● **WHAT YOU WILL DO**: Produce the records below again, word for word, but stop after the line that contains "The district attorney's".

▼

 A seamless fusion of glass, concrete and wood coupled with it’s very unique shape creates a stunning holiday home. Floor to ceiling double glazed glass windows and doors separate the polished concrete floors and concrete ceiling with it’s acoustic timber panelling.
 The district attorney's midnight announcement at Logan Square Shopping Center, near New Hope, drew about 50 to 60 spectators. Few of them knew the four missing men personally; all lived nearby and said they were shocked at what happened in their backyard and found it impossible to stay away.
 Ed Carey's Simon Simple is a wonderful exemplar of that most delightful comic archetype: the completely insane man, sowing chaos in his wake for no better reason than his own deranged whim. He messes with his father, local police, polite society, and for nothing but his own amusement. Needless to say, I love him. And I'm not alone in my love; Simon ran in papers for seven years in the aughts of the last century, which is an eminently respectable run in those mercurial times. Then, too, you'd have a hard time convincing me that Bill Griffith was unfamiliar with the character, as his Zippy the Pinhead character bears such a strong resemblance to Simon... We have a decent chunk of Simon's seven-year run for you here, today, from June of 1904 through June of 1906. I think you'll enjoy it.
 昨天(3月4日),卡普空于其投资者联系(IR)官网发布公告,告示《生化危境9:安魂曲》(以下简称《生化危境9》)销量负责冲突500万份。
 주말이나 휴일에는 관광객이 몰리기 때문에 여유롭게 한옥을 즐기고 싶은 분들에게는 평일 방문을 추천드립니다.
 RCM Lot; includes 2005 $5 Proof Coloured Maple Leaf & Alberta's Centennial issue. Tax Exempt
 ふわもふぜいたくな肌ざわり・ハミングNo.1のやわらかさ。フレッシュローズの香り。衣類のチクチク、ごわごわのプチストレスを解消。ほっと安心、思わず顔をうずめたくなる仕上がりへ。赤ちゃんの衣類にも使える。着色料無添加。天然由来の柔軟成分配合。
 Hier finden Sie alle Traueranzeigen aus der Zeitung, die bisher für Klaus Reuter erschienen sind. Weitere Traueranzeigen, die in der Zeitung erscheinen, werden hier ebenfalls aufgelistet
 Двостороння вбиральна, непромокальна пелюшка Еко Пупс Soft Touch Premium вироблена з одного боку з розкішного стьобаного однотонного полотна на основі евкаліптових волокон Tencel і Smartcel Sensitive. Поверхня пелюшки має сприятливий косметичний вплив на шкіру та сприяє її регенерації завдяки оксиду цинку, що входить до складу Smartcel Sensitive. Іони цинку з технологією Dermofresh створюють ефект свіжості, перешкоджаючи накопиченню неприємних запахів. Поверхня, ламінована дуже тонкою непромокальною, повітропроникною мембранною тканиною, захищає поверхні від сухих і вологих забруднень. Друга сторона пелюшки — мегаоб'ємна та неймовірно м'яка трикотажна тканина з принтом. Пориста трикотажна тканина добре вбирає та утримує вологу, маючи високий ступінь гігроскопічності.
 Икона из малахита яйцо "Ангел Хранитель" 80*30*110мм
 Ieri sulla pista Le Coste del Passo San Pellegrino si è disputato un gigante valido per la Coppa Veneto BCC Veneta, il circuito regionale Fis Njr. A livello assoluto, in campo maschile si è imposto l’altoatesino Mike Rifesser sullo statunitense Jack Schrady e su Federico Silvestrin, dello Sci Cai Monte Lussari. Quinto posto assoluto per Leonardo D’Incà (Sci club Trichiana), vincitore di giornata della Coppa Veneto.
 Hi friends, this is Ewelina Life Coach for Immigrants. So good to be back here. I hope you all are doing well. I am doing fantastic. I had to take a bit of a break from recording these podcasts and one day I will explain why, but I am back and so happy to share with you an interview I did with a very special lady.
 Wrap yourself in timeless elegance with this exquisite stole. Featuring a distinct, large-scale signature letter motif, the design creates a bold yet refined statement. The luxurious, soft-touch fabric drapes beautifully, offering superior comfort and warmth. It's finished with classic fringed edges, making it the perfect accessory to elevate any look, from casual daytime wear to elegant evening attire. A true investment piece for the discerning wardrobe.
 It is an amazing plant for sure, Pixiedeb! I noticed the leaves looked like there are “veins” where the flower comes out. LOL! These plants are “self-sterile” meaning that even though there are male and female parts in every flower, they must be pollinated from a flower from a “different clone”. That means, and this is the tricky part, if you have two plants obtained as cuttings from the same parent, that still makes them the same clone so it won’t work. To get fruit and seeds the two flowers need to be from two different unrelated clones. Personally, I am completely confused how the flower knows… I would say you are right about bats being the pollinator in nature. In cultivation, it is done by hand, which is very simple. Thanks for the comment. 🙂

▲

● **ANSWER BOX**:
 A seamless fusion of glass, concrete and wood coupled with it’s very unique shape creates a stunning holiday home. Floor to ceiling double glazed glass windows and doors separate the polished concrete floors and concrete ceiling with it’s acoustic timber panelling.
 The district attorney's midnight announcement at Logan Square Shopping Center, near New Hope, drew about 50 to 60 spectators. Few of them knew the four missing men personally; all lived nearby and said they were shocked at what happened in their backyard and found it impossible to stay away.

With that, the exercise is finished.